SHUNT ARTERIO-VEINEUX
Scribner en 1960 réalise le premier abord vasculaire permanent en créant un courtcircuit entre une artère et une veine, utilisé dans le traitement de l’insuffisance rénale
chronique. En fait, cet abord vasculaire s’avèrait, du fait de sa faible longévité, mieux adapté
au traitement de l’IRA .
Le Shunt de Quinton-Scribner comporte deux canules de téflon introduites
respectivement dans un artère de moyen calibre et dans une veine voisine, prolongées par 2
tubulures en silastic, connectées par un raccord amovible en téflon ou par une pièce en T. Le
shunt est mis en place le plus souvent entre une artère radiale et une veine de l’avant bras ou
entre une artère tibiale postérieure et une veine saphène interne.

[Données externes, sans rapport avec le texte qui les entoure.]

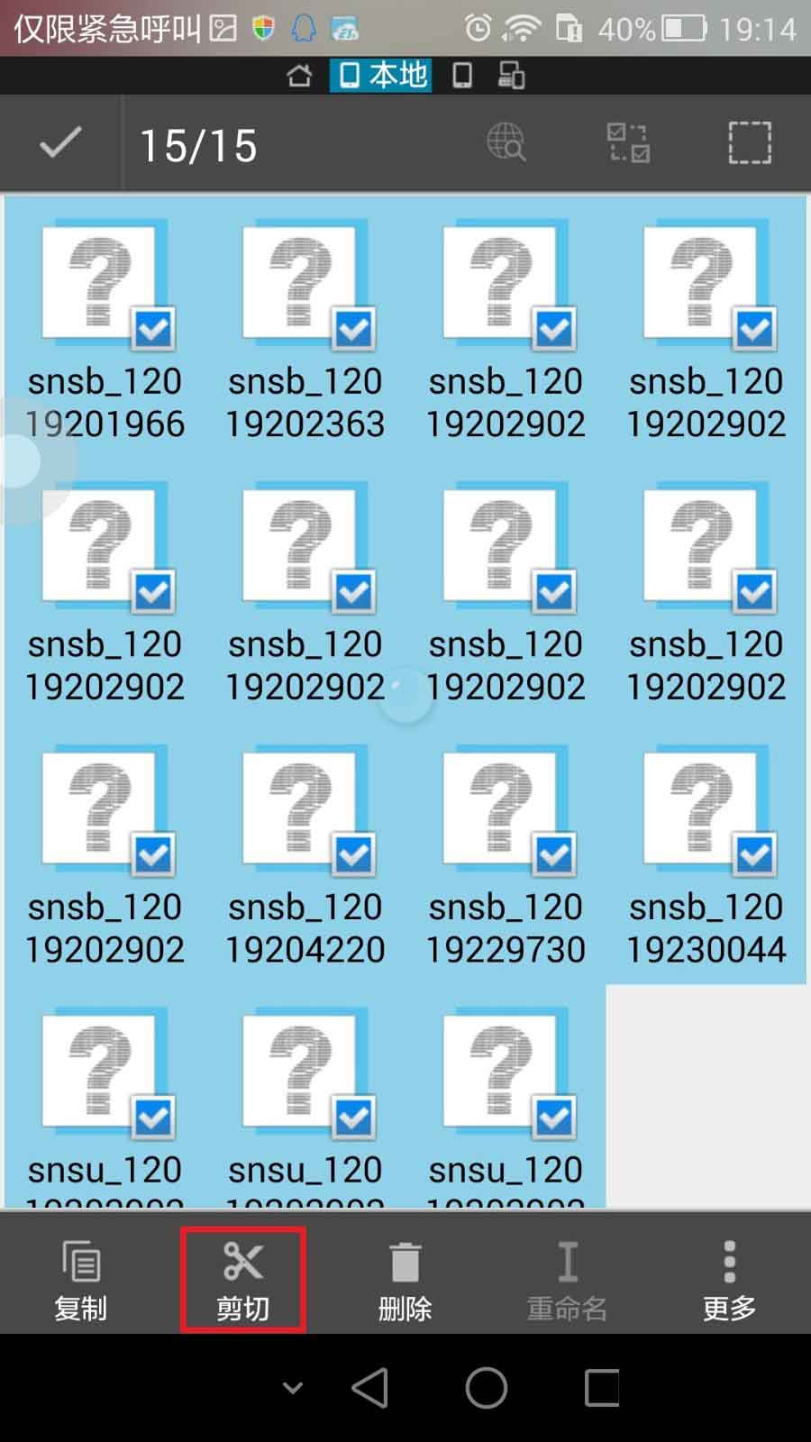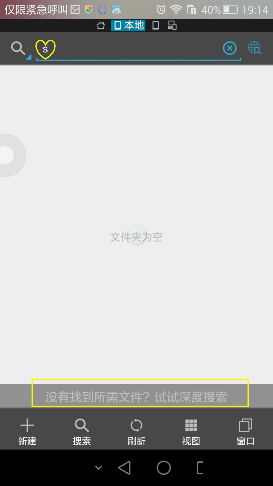 6、打开es文件浏览器,按上面路径找到sns文件,进去后输入 s 搜索,es会提示你使用高级搜索,点击深度搜索。搜索出来后全选剪切。
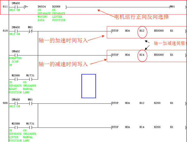 10.伺服電機(jī)加速時(shí)間和減速時(shí)間的程序設(shè)定方法:
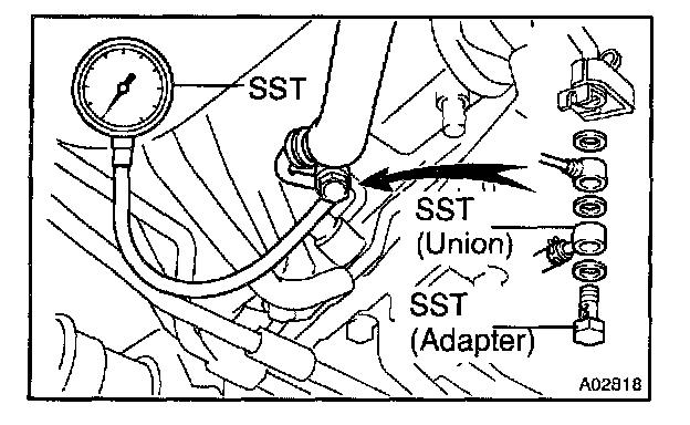 d. Install the fuel inlet hose and SST (pressure gauge) to the fuel pipe support with the 3 gaskets and SST (union and adapter).
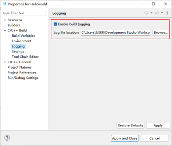 2)、在属性窗口中,展开"C/ c++ Build",选择"Logging"。在Logging中可以看到有一个Enable build logging的选项,勾选上就会在Build后会自动生成build log文件。在下面还可以指定log文件的存储路径(如图2)。
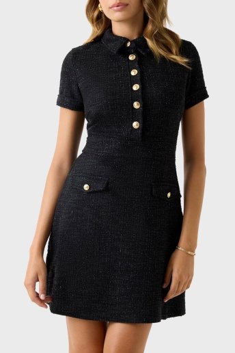 Ss Tamara Regular Fit Gömlek Yaka Düğme Detaylı Tüvit Mini W5YK18KCXO2 Bayan Elbise W5YK18 KCXO2 FJ5N SİYAH
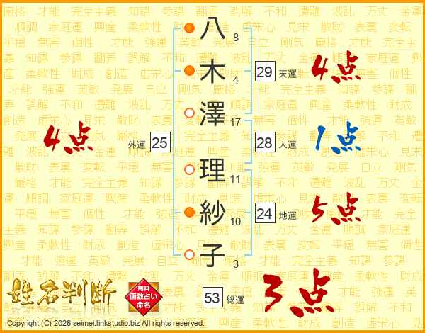 八(8画)木(4画)澤(17画) 理(11画)紗(10画)子(3画)

La pose facile et rapide sous anesthésie locale est la possibilité d’utilisation immédiate
sont contre-balancées par le risque d’infection et de thrombose et par l’amputation définitive
du capital vasculaire d’une artère et d’une veine. D’autres type de shunt artério-veineux ont
été mis au point pour limiter les risques infectieux (shunt de Buselmeier) et de thrombose
(shunt de Thomas) sans pour autant augmenter la durée d’utilisation du dispositif.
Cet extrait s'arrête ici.